The tangent method was employed to determine the uniaxial bearing load capacity, by referring to the study of Long et al. [43], for which no distinct yield value was observed when the load-displacement curve reached its maximum displacement. When the suction anchor moves horizontally or vertically without rotation, the uniaxial bearing capacity is equivalent to the uniaxial ultimate bearing capacity H_ult and V_ult. The complete VH failure envelopes for the suction anchor can be obtained through sweep analysis, reverse sweep analysis, and probe analysis, which has been widely applied[32].

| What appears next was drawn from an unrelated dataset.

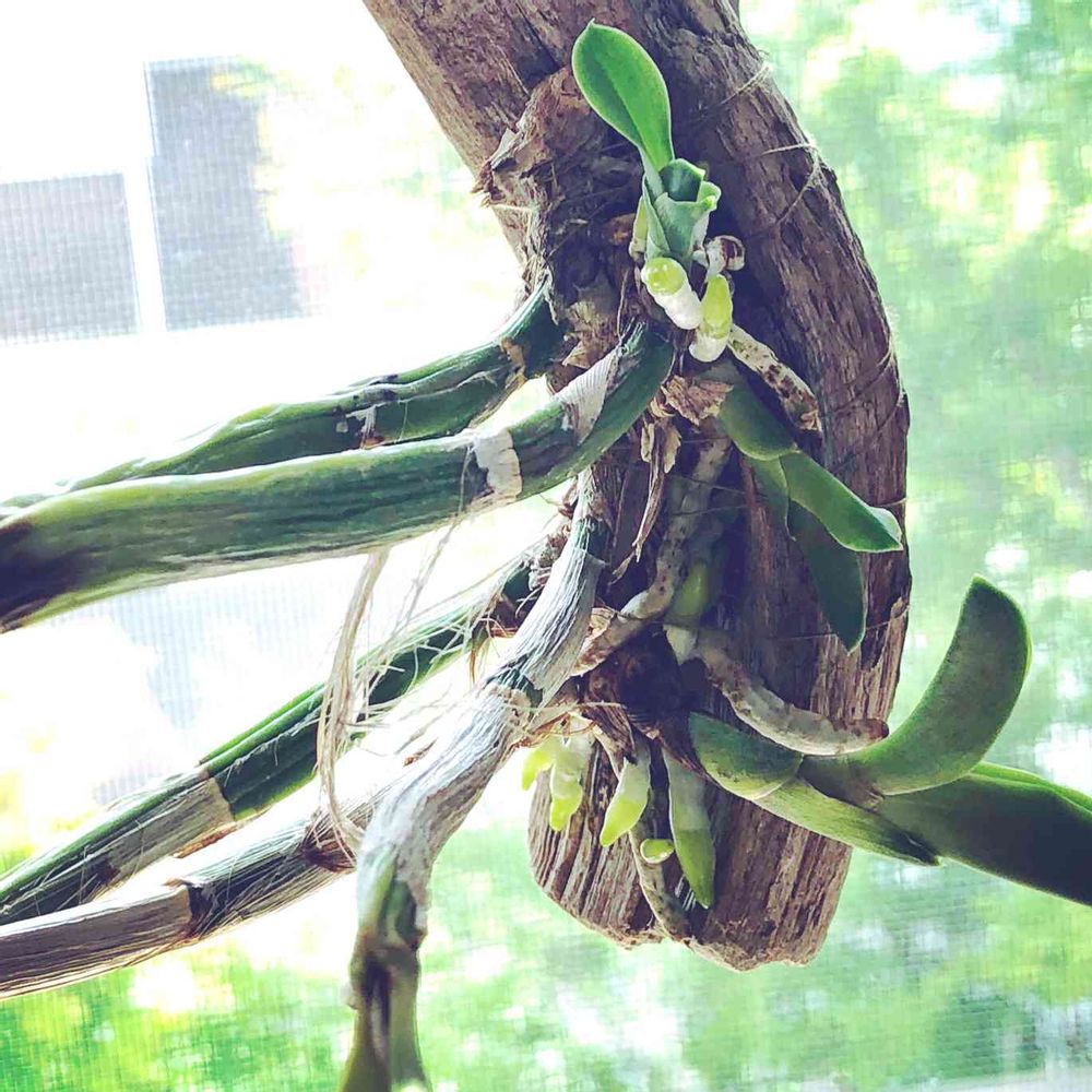 発泡スチロールとかでギチギチに鉢に植えられてて、花が終わって破格で売られていたコです。初めて着生させたコで、これでいいのかなぁと手探り状態で育ててます。ノビノビ裸ん坊がこのコに合っているみたいで良かったです😋

As shown in Figure 2, when the suction anchor moves horizontally under inclined loading without rotation, the inclined load can be simplified into a horizontal force H, a vertical force V, and a constraining moment M. By applying the principle of moment equilibrium, the optimal padeye depth Z_pad,opt at the corresponding angle and the optimal centerline loading depth Z_cl,opt can be obtained, which satisfy the equation:

$$Z_{cl,opt}={\displaystyle \frac{M}{H}}$$

(2)

$$Z_{cl,opt}=Z_{pad,opt}+{\displaystyle \frac{D}{2}}\times \tan \theta$$

(3)

3. Model Validation

To validate the accuracy of the constructed numerical model, the numerical simulation results of suction anchors under inclined loading were compared with existing experimental results, as shown in Figure 3. It can be seen from Figure 3 (a), for NC with S_u=1.25z and L/D=1.5, the numerical simulation results show excellent consistency with test results from Supachawarote [32] and experimental results from the Norwegian Geotechnical Institute (NGI), Offshore Technology Research Center (OTRC), and Center for Offshore Foundation Systems (COFS). The VH envelope obtained from the numerical model closely matches their findings, which indicates that the numerical model developed in this study can effectively reproduce the pullout behavior of suction anchors in clay.

Furthermore, the accuracy of the constructed numerical simulation model was further validated by referencing centrifuge test data and finite element modeling results for non-cohesive soils from Kim et al. [17,28].The Loads were applied at the top of the suction anchor and below the mud surface at Z_pad=2/3L, with cu=7 kPa, internal friction angle φ=32°, and dilation angle ψ=8°. The selection of relevant parameters strictly followed those used in the centrifuge tests and finite element model. The corresponding comparison results are shown in Figure 3(b), which shows that the constructed numerical model can effectively characterize the bearing capacity of the suction anchor.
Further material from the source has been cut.